Primary extensible components[edit]

WebAPI[edit]

  • In-depth documentation about API

In addition to hooks and interfaces that can only be used from PHP code, the WebAPI provides access to many message group and translating related information and actions. It is based on the MediaWiki API framework, supporting many output formats like json and xml.

File format support (FFS)[edit]

The Translate extension supports translating of non-wiki content like software interface messages via File format support (FFS) classes. These classes implement the FFS interface and abstract away parsing and generating of file contents. The FFS classes are used by FileBasedMessageGroup class via the YAML configuration files.

Message groups[edit]

Message groups bring together a collection of messages. They come in various types: translatable pages, SVG files or software interface messages stored in various file formats. Each message group instance has a unique identifier, name and description.
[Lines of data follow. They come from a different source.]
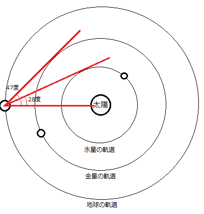 地球より太陽寄りにある、いわゆる内惑星と言われる水星と金星、これは地球から見てある程度の角度までしか太陽から離れません。
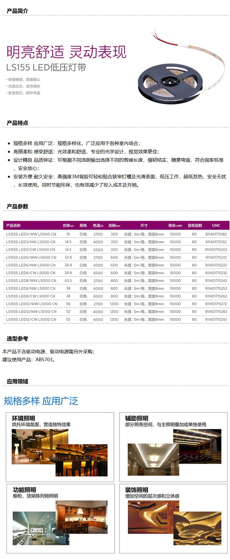 商品名称:飞利浦 明欣LED灯带 DC24V LS155S LED12/WW L5000 CN 功率56w 黄光 长度:5m/卷,宽度8mm,单位:卷
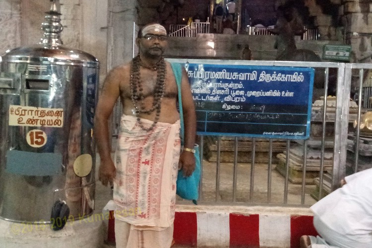 திருமண கோலத்தில் முருகன்: அறுபடை வீடுகளில் இத்தலம் முதல் படை வீடாகும். மற்ற ஐந்து தலங்களில் நின்ற கோலத்தில் அருளும் முருகன், இங்கு தெய்வானையை மணம் முடித்த கோலத்தில் அமர்ந்தபடி காட்சி தருகிறார். இவரது அருகில் நாரதர், இந்திரன், பிரம்மா, நின்றகோலத்தில் வீணையில்லாத சரஸ்வதி, சாவித்திரி ஆகியோரும், மேலே சூரியன், சந்திரன், கந்தர்வர்களும் இருக்கின்றனர். சுப்பிரமணியருக்கு கீழே அவரது வாகனமான யானை, ஆடும் உள்ளது. சுவாமி சுதையாக இருப்பதால் புனுகு மட்டும் சாத்தப்படுகிறது.
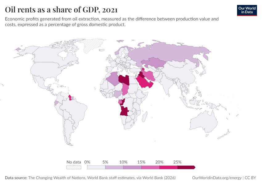 The Changing Wealth of Nations, World Bank staff estimates, via World Bank (2026) – processed by Our World in Data. “Oil rents as a share of GDP” [dataset]. The Changing Wealth of Nations, World Bank staff estimates, via World Bank, “World Development Indicators 125” [original data]. Retrieved March 3, 2026 from https://country-profiles-in-search.owid.pages.dev/grapher/oil-rents-as-a-share-of-gdp
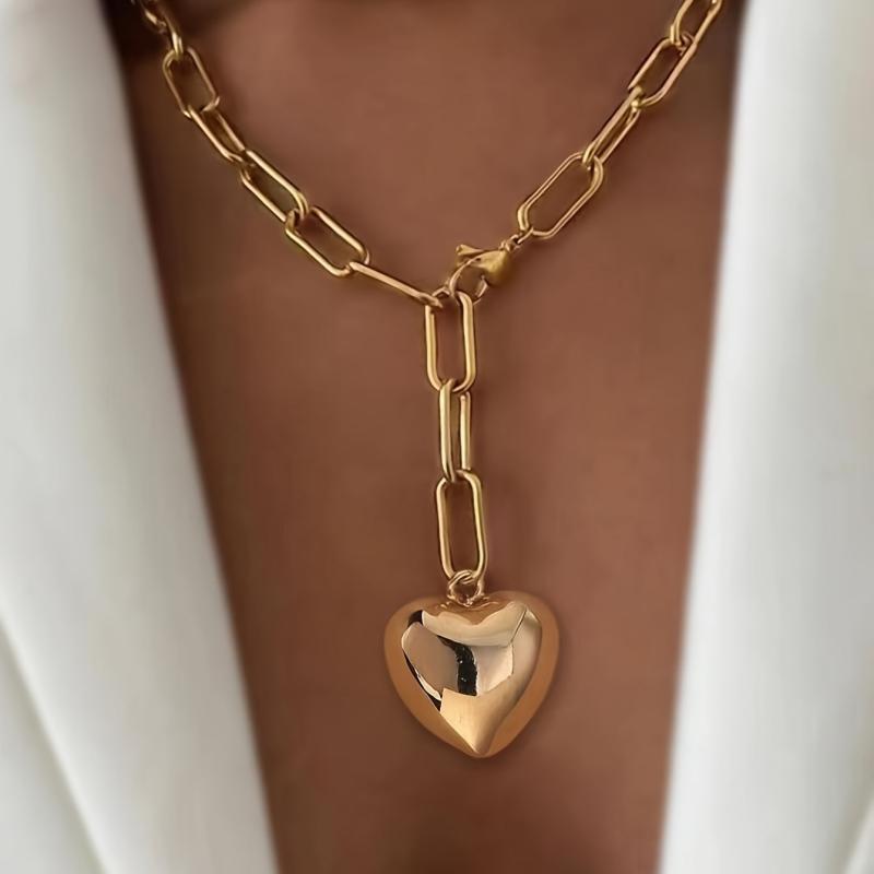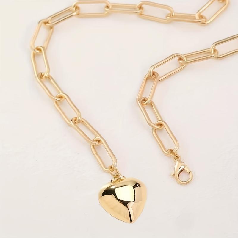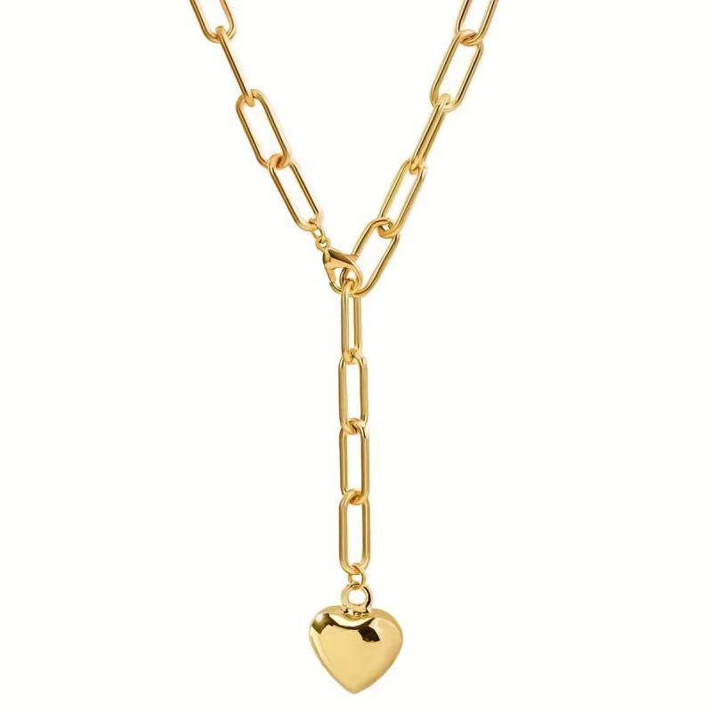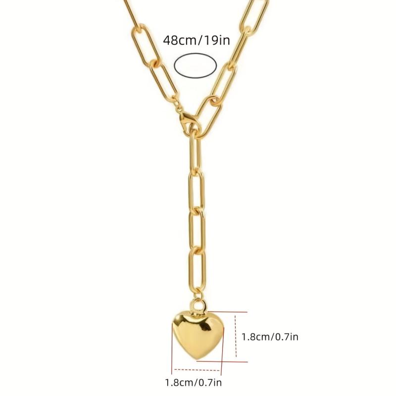 Stainless steel heart pendant necklace featuring a polished finish rectangular chain. Ideal for casual wear or parties, this necklace makes a perfect gift for women on Mother's Day.
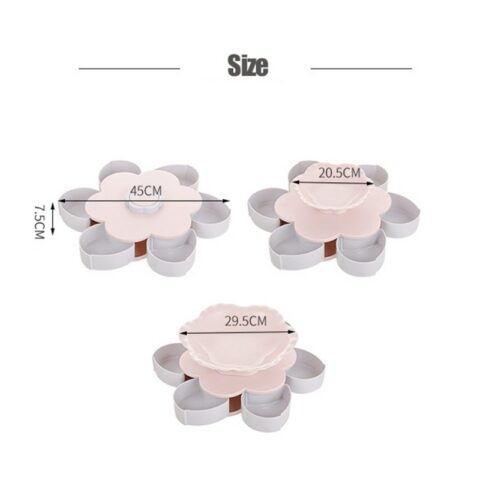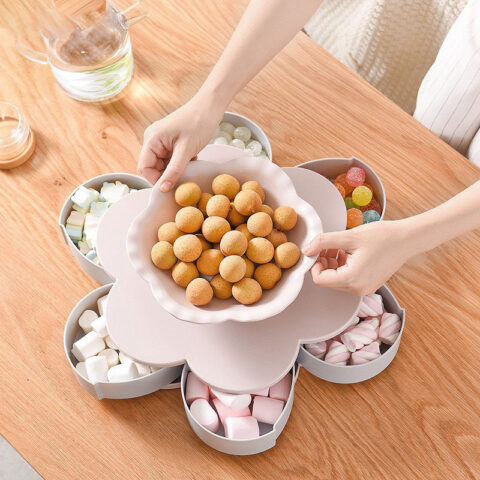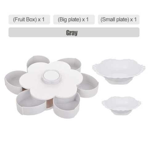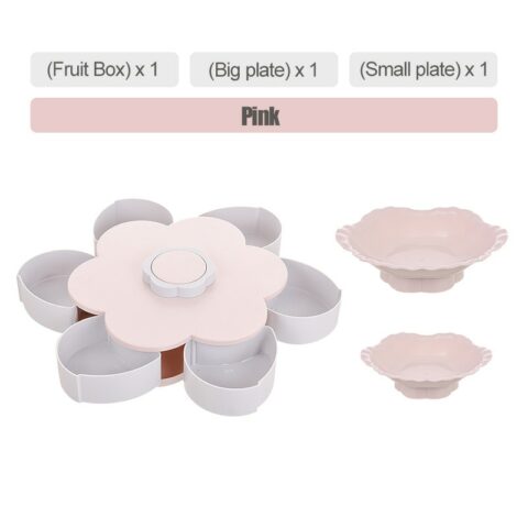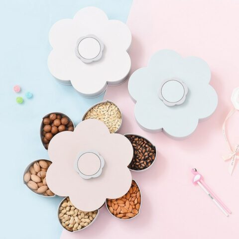 Buy this stylish flower shaped rotatable 6 grid storage box for Nuts and Candies now. Get additional a small plate and a big plate with Free Delivery.
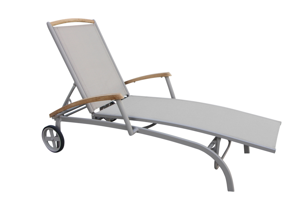 Andy - en av våra absolut mest populära solsängar. Stomme av aluminium samt sits och rygg i textilene, med detaljer i teak eller nonwood. Justerbar rygg med flera olika lägen. Solsängen är även utrustad med hjul för en smidig hantering.
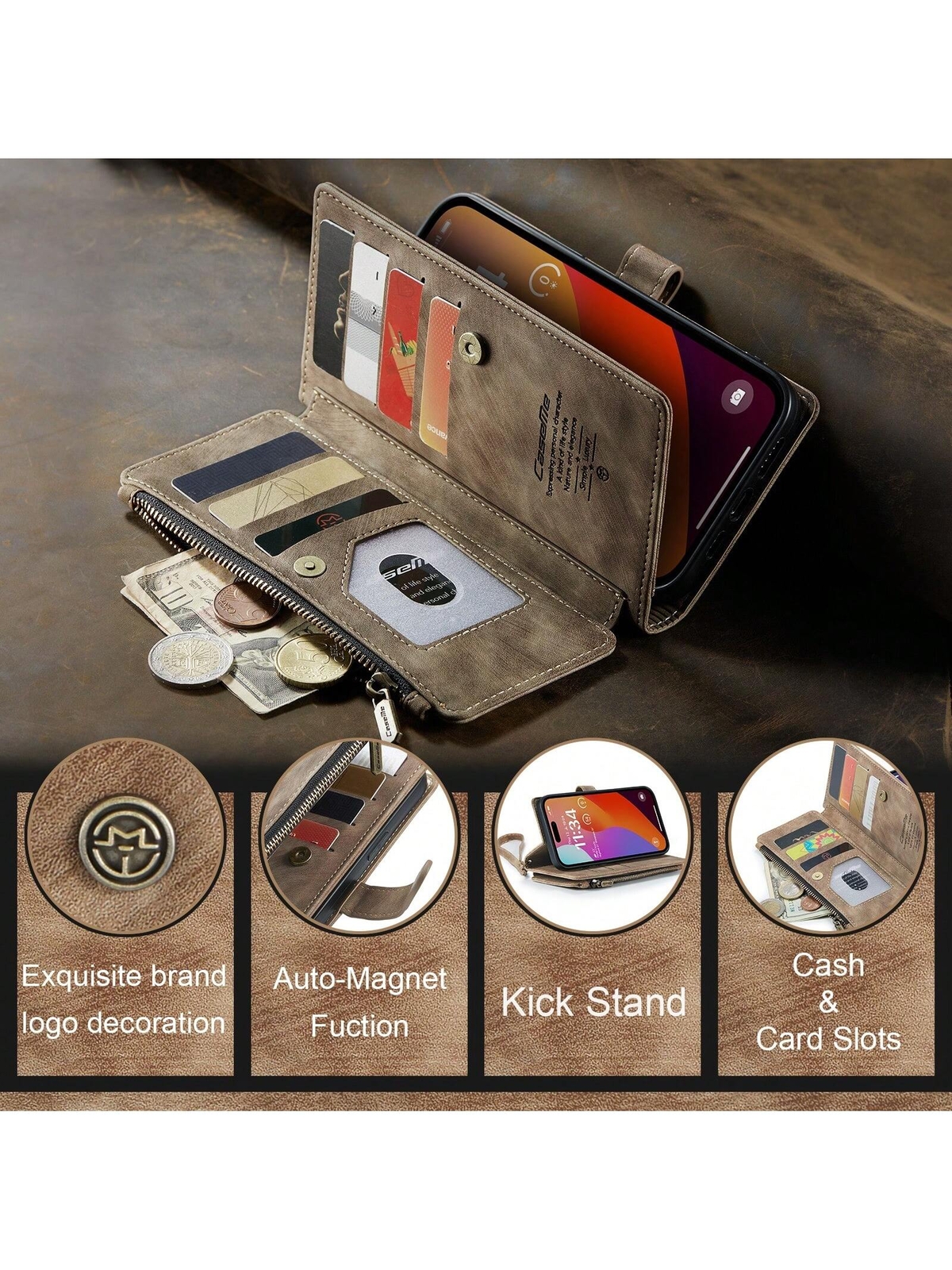 CASEME Caseme Wallet Phone Case Durable PU Leather Magnetic Flip Strap Wristlet Zipper Card Holder Wallet Phone Case Compatible With IPhone Samsung Redmi Brown on sale Color:Brown Material:PU Leather Type:Hand Strap Phone Case Pattern Type:Plain Gender:Men Gender:Women Gender:Unisex buy CASEME Caseme Wallet Phone Case Durable PU Leather Magnetic Flip Strap Wristlet Zipper Card Holder Wallet Phone Case Compatible With IPhone Samsung Redmi with cheapest price
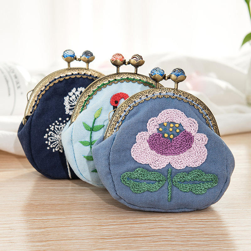 Kit Fai-da-Te per Ricamo a Punto Croce D&D, Set per Creare Portamonete, Kit Artigianale per Lavori a Maglia e Uncinetto, Motivo Floreale, Ricamo Compatto Fatto a Mano
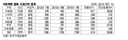 표, 그래프: < 석유화학 원료 수입가격 변화 > <화학저널 2013/09/02> |
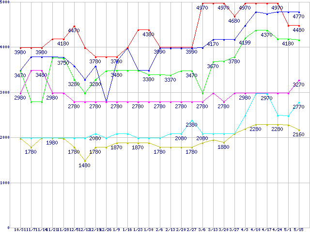 | メモリ主要製品(最安値5千円未満)の最安値推移 |
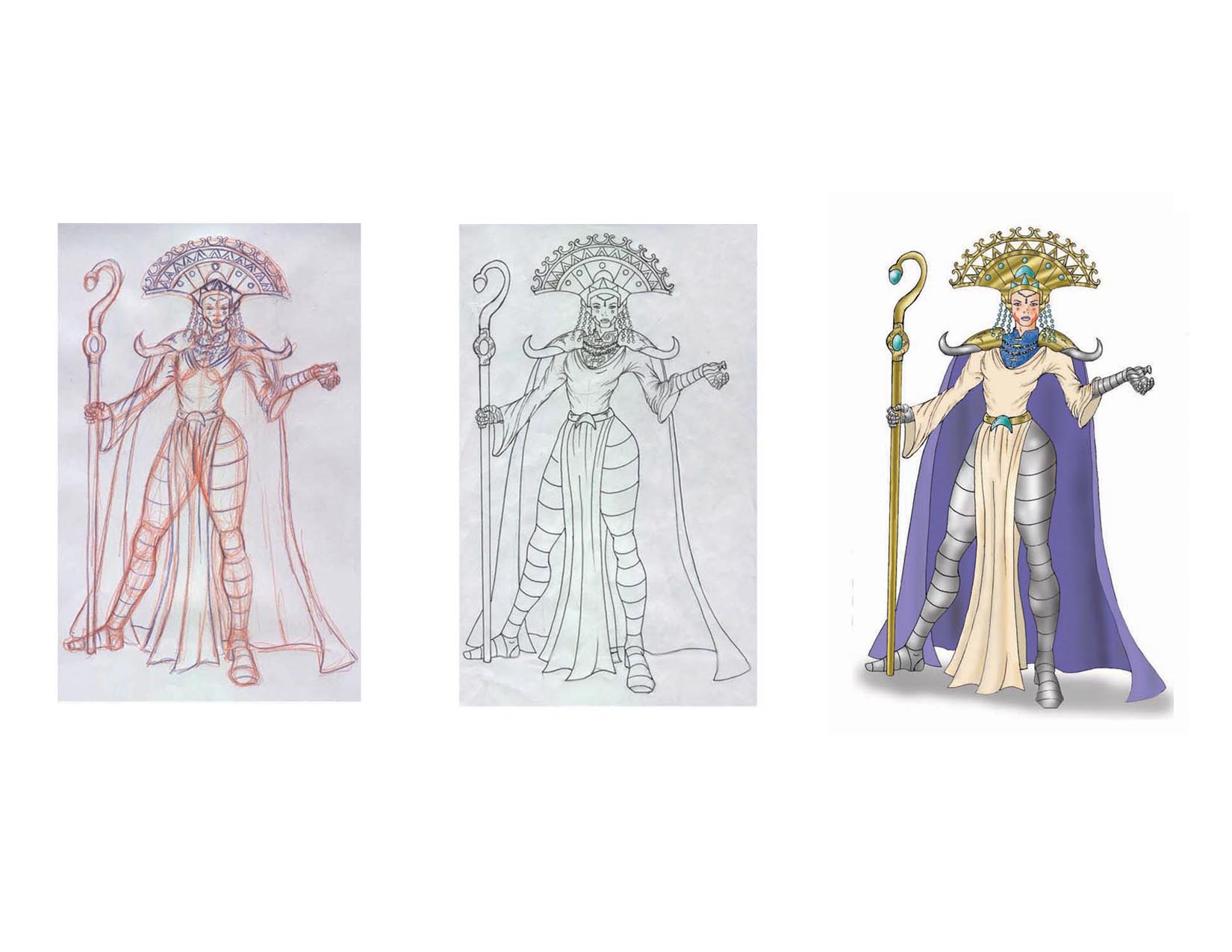 In his own artwork, Pinto always starts off with a rough light drawn sketch. Then, he contours the lines of the body and draws the details like facial features and clothing on the characters.

In the code message groups are primarily referenced by their identifier, while the MessageGroups class can be used to get the instances for a given id. Message groups can also control many translation process related actions like allowed translation languages and the message group workflow states. Usually these behaviors fallback to the global defaults.

The two primary ways to register message groups to Translate are the TranslatePostInitGroups hook and YAML configuration.

Translation aids (helpers)[edit]

Translation aids are little modules that provide helpful and necessary information for the translator when translating. Different aids can provide suggestions from translation memory and machine translation, documentation about the message or even such a basic thing as the message definition – the text that needs to be translated.

Translate comes with many aid classes. Currently there is no hook to add new classes. Each class that extends the TranslationAid class only needs to implement one method called getData. It should return the information in structured format (nested arrays), which is then exposed via ApiQueryTranslationAids WebAPI module. In addition to the aid class, changes are needed to actually use the provided data in the translation editor(s).

One special case of translation aids are machine translation services. See the next section.

Web services[edit]

Adding more machine translation services can easily be done by extending the TranslationWebService class. See the webservices subdirectory for examples. You will need some basic information to implement such a class:

  • URL for the service
  • What language pairs are supported
  • Whether they use language codes that differ from the codes used in MediaWiki
  • Whether the service needs an API key

When you have this information, it is straightforward to write the mapCode, doPairs and doRequest methods. You should use the TranslationWebServiceException to signal errors. The errors are automatically logged and tracked, and if the service goes down, it will automatically be suspended to avoid unnecessary requests to it. The suggestions will automatically be displayed in the translation editor via the MachineTranslationAid class and the ApiQueryTranslationAids WebAPI module. See also $wgTranslateTranslationServices to see how those services are registered.

Message checkers[edit]

We use computers to catch simple errors in translations, like unbalanced parenthesis or failing to use a variable placeholder. These checkers can emit warnings that are displayed in the translation editor (constantly updating). Any warning present in saved translation will also mark the translation as outdated (fuzzy in jargon). Each message group determines which checks it uses.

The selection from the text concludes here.